§ **INSTRUCTIONS TO FOLLOW**
Starting with the line that contains "Shopper in cotone" and stopping after the line that contains "دیروز. ( اِ", copy the entries below exactly. Include nothing else.

§ **DATA UNDER STUDY**
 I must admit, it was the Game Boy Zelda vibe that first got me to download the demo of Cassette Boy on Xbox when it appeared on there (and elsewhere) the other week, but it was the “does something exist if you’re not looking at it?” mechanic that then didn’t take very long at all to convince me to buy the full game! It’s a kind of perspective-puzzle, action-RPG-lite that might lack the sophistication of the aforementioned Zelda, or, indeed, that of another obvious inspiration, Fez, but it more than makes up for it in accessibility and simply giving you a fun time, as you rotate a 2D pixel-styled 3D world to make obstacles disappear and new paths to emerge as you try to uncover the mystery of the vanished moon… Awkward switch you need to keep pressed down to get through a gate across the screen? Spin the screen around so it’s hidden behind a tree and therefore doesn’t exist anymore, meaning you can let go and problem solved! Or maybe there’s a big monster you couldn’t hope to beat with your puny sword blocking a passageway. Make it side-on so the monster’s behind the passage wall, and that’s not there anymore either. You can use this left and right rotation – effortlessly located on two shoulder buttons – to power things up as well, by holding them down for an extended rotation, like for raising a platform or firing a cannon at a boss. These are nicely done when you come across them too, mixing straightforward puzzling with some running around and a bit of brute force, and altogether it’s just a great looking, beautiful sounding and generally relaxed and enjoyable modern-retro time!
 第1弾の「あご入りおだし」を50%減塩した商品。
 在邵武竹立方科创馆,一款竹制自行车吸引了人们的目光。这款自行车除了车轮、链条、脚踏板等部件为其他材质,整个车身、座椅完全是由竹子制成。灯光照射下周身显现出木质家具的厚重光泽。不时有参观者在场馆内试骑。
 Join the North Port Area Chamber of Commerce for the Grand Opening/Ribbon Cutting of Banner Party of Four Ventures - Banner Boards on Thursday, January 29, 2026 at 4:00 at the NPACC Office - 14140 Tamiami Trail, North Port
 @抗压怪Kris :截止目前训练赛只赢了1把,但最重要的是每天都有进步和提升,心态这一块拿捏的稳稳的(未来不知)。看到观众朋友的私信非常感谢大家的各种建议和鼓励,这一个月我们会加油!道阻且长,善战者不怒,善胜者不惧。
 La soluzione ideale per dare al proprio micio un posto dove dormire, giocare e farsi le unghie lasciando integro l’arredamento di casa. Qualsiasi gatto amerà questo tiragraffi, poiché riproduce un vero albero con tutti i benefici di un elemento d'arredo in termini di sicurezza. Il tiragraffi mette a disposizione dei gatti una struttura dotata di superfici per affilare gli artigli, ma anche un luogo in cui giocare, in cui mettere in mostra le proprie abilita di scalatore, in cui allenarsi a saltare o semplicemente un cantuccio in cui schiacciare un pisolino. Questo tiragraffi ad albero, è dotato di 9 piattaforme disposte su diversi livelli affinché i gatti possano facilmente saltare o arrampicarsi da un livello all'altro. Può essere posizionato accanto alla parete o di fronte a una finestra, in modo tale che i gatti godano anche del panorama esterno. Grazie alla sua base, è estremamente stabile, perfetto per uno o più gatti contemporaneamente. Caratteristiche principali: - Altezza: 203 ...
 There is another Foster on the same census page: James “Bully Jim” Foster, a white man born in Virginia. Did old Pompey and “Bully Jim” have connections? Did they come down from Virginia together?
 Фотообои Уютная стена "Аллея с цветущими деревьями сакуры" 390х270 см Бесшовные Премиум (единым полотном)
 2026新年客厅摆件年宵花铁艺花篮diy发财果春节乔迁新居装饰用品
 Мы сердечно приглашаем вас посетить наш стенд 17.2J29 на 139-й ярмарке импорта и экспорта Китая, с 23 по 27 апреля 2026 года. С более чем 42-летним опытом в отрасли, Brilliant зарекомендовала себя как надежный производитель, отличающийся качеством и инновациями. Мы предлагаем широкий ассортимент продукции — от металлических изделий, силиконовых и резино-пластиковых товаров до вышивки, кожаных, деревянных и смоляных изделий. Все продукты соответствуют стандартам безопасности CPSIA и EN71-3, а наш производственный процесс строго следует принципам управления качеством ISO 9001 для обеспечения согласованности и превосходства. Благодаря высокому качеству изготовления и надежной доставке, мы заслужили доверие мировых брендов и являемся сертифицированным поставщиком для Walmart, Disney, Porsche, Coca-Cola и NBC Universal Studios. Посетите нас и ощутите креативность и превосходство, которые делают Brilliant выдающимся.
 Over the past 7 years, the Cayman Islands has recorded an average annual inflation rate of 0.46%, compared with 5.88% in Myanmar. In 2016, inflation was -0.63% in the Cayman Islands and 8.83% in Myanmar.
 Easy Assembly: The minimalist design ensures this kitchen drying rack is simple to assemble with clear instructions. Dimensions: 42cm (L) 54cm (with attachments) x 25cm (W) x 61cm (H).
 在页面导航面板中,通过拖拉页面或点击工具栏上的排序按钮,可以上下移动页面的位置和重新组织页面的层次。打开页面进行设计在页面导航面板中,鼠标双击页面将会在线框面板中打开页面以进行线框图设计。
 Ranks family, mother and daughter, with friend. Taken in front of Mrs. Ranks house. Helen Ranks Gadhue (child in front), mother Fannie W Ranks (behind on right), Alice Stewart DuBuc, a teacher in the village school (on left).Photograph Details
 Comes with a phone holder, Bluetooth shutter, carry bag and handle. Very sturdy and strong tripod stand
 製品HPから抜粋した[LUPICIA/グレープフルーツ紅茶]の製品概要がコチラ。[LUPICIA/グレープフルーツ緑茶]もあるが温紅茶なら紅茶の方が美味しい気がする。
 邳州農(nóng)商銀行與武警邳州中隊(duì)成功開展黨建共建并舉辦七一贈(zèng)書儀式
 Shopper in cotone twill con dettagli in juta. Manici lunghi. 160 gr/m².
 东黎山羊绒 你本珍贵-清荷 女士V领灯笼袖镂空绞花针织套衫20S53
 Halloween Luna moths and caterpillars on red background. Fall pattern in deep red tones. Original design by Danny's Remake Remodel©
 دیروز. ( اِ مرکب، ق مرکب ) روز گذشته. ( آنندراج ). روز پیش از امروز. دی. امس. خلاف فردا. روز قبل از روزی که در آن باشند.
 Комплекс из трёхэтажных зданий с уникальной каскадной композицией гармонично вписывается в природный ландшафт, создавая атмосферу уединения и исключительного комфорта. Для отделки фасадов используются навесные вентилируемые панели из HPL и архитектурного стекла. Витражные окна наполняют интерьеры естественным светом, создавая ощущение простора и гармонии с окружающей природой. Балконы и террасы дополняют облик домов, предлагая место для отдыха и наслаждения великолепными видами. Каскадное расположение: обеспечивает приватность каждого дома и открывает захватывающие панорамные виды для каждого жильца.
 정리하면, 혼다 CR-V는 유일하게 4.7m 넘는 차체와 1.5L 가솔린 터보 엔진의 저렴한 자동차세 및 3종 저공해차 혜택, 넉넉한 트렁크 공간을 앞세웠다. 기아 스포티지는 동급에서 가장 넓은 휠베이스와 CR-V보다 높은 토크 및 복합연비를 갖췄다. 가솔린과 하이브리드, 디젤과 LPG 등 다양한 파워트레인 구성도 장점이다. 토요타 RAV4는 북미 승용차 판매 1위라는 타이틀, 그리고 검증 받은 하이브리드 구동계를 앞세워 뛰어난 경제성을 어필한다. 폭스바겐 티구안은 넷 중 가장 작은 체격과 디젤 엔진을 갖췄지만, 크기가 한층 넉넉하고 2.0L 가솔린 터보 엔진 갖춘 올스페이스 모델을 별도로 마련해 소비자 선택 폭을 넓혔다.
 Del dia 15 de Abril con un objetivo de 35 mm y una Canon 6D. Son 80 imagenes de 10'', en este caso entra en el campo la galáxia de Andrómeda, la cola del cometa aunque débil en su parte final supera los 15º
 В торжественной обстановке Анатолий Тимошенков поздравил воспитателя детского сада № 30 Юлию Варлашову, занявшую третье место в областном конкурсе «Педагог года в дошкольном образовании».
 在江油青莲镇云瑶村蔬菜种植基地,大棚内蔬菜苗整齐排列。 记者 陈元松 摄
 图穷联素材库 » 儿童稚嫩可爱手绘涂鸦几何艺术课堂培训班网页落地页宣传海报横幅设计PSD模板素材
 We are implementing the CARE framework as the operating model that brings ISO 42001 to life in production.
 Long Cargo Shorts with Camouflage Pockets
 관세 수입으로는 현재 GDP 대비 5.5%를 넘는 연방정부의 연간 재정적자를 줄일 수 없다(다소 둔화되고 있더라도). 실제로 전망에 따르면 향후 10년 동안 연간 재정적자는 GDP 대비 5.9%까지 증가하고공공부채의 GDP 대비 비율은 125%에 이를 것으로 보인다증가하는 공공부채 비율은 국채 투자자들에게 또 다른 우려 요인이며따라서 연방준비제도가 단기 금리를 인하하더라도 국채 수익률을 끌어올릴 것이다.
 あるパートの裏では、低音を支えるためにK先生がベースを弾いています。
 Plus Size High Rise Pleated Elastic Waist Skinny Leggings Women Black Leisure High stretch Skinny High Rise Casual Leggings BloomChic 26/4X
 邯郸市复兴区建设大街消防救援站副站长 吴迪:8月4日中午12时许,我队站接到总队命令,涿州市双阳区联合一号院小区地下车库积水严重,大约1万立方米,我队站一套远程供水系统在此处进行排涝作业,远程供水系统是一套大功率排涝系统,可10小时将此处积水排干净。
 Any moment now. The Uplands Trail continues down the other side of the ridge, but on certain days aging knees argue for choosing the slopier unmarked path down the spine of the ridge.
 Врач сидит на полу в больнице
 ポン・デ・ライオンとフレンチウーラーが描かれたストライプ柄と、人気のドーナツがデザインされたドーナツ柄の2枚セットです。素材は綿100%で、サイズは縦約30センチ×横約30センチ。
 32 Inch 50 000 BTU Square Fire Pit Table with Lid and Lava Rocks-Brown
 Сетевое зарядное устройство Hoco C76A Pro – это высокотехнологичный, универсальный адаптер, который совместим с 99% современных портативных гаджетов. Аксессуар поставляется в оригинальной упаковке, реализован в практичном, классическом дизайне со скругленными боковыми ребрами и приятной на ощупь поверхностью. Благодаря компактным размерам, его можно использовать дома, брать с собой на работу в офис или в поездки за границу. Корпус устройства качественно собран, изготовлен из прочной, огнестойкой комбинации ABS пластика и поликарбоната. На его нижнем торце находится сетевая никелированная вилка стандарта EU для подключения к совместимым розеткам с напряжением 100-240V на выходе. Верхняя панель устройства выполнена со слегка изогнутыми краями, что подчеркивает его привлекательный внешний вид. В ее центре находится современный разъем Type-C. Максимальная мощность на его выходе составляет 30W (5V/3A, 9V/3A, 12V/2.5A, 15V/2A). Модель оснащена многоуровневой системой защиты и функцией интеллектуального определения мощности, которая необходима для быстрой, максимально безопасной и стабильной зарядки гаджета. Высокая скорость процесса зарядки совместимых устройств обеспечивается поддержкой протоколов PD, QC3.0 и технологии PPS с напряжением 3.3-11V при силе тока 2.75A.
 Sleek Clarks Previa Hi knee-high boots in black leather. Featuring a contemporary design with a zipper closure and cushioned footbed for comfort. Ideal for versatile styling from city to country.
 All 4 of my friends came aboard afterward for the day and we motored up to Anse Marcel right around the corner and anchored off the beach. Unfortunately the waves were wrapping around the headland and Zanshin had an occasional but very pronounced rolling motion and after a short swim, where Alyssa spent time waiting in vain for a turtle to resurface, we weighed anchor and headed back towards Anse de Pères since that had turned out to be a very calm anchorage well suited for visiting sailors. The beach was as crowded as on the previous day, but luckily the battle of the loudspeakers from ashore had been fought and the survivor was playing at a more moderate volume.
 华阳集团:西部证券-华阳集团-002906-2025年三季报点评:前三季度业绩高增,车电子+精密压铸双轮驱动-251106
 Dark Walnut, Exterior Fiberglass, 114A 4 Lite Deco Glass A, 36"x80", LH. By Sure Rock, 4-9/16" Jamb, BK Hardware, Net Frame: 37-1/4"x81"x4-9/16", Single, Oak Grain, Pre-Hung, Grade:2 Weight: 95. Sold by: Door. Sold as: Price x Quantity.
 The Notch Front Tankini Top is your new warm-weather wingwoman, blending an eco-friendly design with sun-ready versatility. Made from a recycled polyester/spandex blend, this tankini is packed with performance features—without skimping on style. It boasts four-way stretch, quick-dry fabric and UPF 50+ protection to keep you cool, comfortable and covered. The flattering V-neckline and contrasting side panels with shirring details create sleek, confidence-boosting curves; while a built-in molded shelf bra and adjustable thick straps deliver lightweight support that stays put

§ **SOLUTION**
 Shopper in cotone twill con dettagli in juta. Manici lunghi. 160 gr/m².
 东黎山羊绒 你本珍贵-清荷 女士V领灯笼袖镂空绞花针织套衫20S53
 Halloween Luna moths and caterpillars on red background. Fall pattern in deep red tones. Original design by Danny's Remake Remodel©
 دیروز. ( اِ مرکب، ق مرکب ) روز گذشته. ( آنندراج ). روز پیش از امروز. دی. امس. خلاف فردا. روز قبل از روزی که در آن باشند.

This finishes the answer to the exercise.